The new multidistrict litigation (MDL) seeks to centralize at least 28 pending and potentially-related lawsuits that claim Evenflo deceptively marketed its “Big Kid” booster seats and put young children at an increased risk of injury in the event of a collision.
According to a Transfer Order from the United State Panel on Multidistrict Litigation, plaintiffs allege that Evenflo misled consumers when it claimed in advertising and on product packaging that its “Big Kid” booster seats were “side impact tested” and exceeded governmental standards.
The merits of Evenflo’s side-impact tests have been the topic of previous controversy.
According to an investigative report by ProPublica, Evenflo’s website informed parents that its side-impact tests were rigorous and meant to simulate realistic side-impact crashes. However, years of test videos obtained by ProPublica tells a different story.
In these videos, child-sized crash dummies are shown contoring and being thrown far outside of their should belts as impact occurs. One of Evenflo’s own top booster seat engineers stated during deposition that any real child exposed to the movement and force shown in the crash test videos could suffer catastrophic head, neck, and spine injures or death.
While Evenflo gave the seats passing grades, ProPublica noted that the company’s test bar was so low, “the only way to fail was if the child-sized dummy ended up on the floor or the booster itself broke into pieces.”
It is important to note that there is currently no standardized test for booster seats and child seats when it comes to side-impact collisions, and there fore no real government standard to exceed.
Nearly 20 years ago, Congress passed a law that required the National Highway Traffic Safety Administration (NHTSA) to implement new rules That would minimize children’s head injuries in the event of a side-impact collision; however, these new rules were never actually enacted.
To date, car seats and booster seats only need to pass test that simulate head-on collisions.
To make matters worse, Plaintiff’s also allege that Evenflo failed to inform consumers that “Big Kid” booster seats were dangerous for children weighing less than 40 pounds. By Evenflo’s own internal records, the safety of the booster seats was a topic of discussion as far back as 2012.

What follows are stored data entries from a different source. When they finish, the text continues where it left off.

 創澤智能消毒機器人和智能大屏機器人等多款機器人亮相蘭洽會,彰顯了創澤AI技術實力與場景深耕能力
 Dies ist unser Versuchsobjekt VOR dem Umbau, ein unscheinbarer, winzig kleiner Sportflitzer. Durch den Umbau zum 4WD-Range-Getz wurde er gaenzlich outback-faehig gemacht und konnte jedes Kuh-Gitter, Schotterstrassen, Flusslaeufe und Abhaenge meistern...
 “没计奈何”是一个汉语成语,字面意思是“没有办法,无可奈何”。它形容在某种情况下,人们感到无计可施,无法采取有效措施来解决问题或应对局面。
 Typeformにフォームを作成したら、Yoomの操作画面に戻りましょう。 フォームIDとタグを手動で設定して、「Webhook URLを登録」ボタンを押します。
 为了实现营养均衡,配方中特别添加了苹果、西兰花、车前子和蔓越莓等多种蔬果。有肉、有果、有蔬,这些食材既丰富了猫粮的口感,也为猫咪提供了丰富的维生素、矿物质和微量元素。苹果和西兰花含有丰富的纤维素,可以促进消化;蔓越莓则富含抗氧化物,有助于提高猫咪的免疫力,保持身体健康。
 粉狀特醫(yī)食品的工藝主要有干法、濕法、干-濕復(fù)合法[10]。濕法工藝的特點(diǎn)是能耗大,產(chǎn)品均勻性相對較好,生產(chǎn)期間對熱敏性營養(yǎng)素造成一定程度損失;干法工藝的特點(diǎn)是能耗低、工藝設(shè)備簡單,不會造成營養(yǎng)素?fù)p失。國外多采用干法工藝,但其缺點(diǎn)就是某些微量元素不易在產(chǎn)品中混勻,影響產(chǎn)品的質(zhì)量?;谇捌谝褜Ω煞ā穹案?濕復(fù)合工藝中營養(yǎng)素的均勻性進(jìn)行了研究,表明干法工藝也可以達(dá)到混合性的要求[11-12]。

In an email to one of the company’s high-ranking executives, Evenflo safety engineer Eric Dahle recommended that the company stop selling booster seats to children who weigh less than 40 pounds. In his email, Dahle cited government research suggesting children under 40 pounds are safer in car seats that use harnesses. Dahle also noted that the change would match Canadian regulation and would better align with recommendations from the American Academy of Pediatrics.

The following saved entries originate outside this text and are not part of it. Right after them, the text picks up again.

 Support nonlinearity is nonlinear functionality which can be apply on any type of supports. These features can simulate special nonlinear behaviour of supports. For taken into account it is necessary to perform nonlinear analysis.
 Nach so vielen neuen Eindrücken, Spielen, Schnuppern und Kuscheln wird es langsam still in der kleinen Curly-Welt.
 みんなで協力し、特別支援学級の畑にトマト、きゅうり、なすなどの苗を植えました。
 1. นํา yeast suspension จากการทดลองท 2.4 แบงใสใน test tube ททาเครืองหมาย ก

The executive ultimately “vetoed” Dahle’s recommendation, according to internal records obtained by ProPublica.
When the subject came up again later that year, the same executive, who had been promoted to vice president of marketing a product development, responded in an email with “Why are we even talking about this?”

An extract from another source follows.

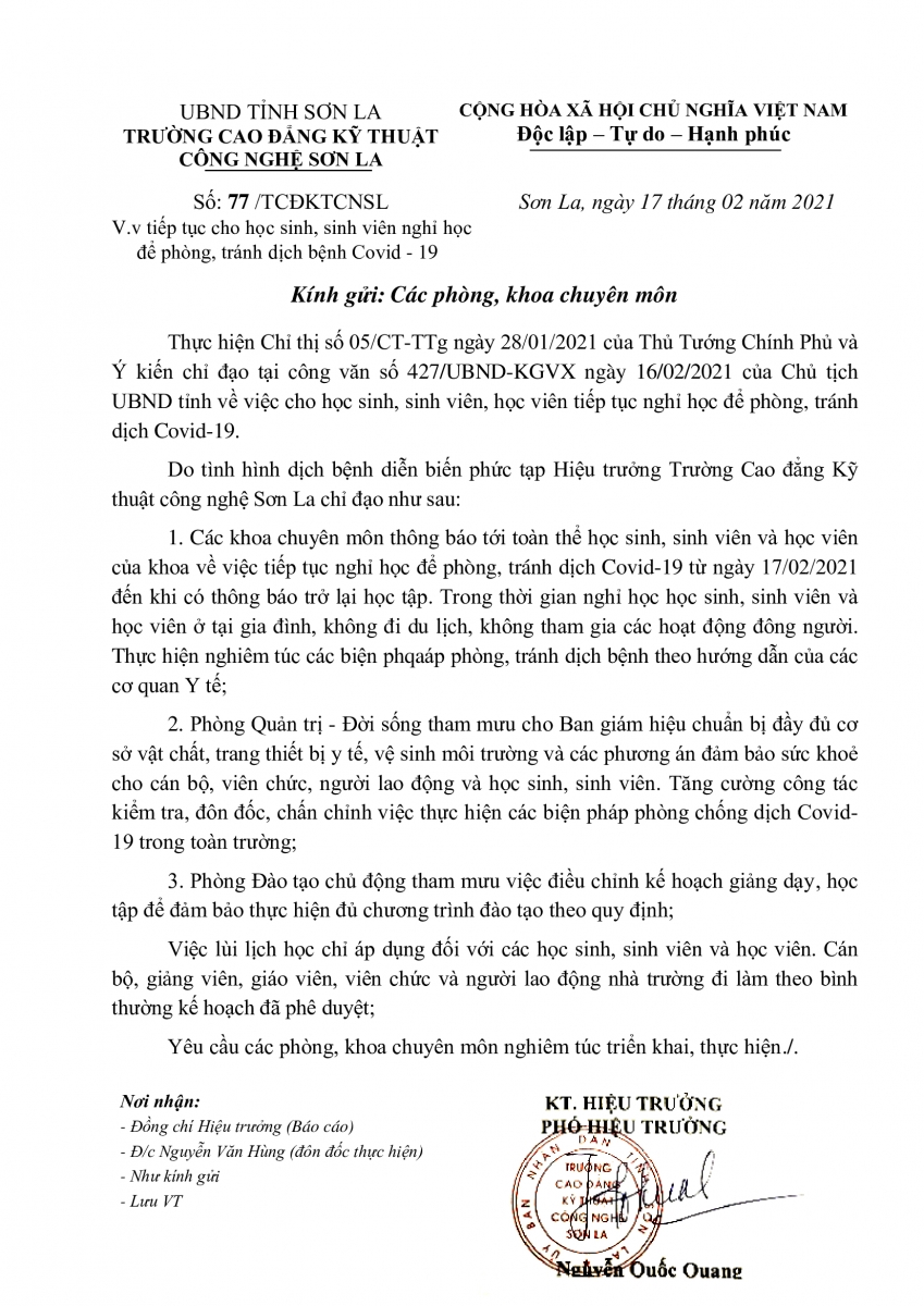 Thông báo về việc tiếp tục cho học sinh, sinh viên và học viên nghỉ học phòng tránh dịch bênh Covi-19

ProPublica sites several instances in which children suffered catastrophic injury while riding in “Big Kid” booster seats.
In one instance, a 5-year-old girl weighing 37 pounds suffered internal decapitation resulting in paralysis during a side-impact collision while riding in a “Big Kid” booster. This girl’s father said he had purchased the seat because of the number of times it mentioned “safety” on the box.
In the years before that accident, Evenflo had been sued two times for injuries linked to their Big Kid booster seats – one involving a traumatic brain injury and the other involving another internal decapitation.
All three cases were settled out of court.
In 2006, a four-year old boy suffered a traumatic brain injury resulting in another lawsuit. In the suit, the plaintiff’s argued that Evenflo should not have marketed the seat for a child of his size – 36 pounds.
Evenflo agreed that the boy was properly strapped into his booster seat and, once again, reached a confidential settlement.